Configuring Storm Control
Context
Excess broadcast, multicast, or unicast packets have great impact on network devices. To limit the rate of these packets, configure storm control on the interface that receives these packets.
Pre-configuration Tasks
Before configuring the storm control function, configure link layer protocol parameters for interfaces to ensure that the link layer protocol status on the interfaces is Up.
Procedure
- Run system-view
The system view is displayed.
- Run interface interface-type interface-number
The interface view is displayed.
- Run any of the following commands to storm control for the broadcast, multicast, and unicast packets on the interface.
- storm control { broadcast | multicast | unicast | unknown-unicast } min-rate percent min-rate-value max-rate percent max-rate-value
- storm control { broadcast | multicast | unicast | unknown-unicast } min-rate kbps min-rate-value max-rate kbps max-rate-value
- storm control { broadcast | multicast | unicast | unknown-unicast } min-rate min-rate-value max-rate max-rate-value
- Set the storm control action.
- Run the storm control action { error-down | block } command.
The device records the status of an interface as Error-Down when it detects that a fault occurs. The interface in Error-Down state cannot receive or send packets and the interface indicator is off.
- (Optional) Run storm control enable { log | trap }
The function of recording logs or reporting traps during storm control is enabled.
- (Optional) Run storm control interval interval-value
The storm detection interval is set.
- Run commit
The configuration is committed.
Verifying the Configuration
Run the display storm control [ interface interface-type interface-number [ verbose ] ] command to check the storm control configuration on an interface.
Follow-up Procedure
Generally, when attack packets exist, the average rate at which an interface receives broadcast, multicast, or unknown unicast packets is higher than the specified upper limit. In this situation, identify the attack source, remove the attack, and recover the interface status.
Manual recovery (after an Error-Down event occurs):
If a few interfaces need to be recovered, run the shutdown and undo shutdown commands in the interface view. Alternatively, run the restart command in the interface view to restart the interfaces.

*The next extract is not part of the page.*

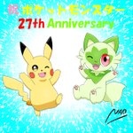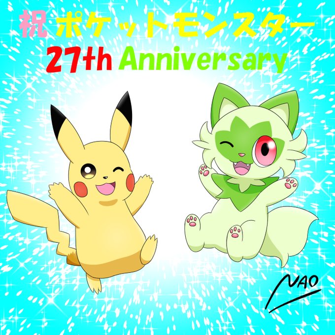 「ポケモンの日記念イラスト 2023」 本日は初代ポケモンが発売された日! というわけで、コン年度も新作イラストで飾ります! コン回はポケモンの代名詞であるピカチュウと、新たな世代の御三家のニャオハちゃんになります! ポケモン27周年おめでとうございます!🎊 #ポケモン27周年 #PokemonDay

Alternatively, run the undo storm control action or undo storm control { broadcast | multicast | unicast | unknown-unicast | all } command in the interface view to recover the interface status. This method is not recommended.
Automatic recovery (before an Error-Down event occurs):
If a large number of interfaces need to be recovered, manual recovery is time consuming and some interfaces may be omitted. To avoid this problem, run the error-down auto-recovery cause storm-control interval command in the system view to enable automatic interface recovery and set the recovery delay time. Run the display error-down recovery command to view information about automatic interface recovery.
This method does not take effect on interfaces that are already in Error-Down state. It is effective only on interfaces that enter the Error-Down state after this configuration is complete.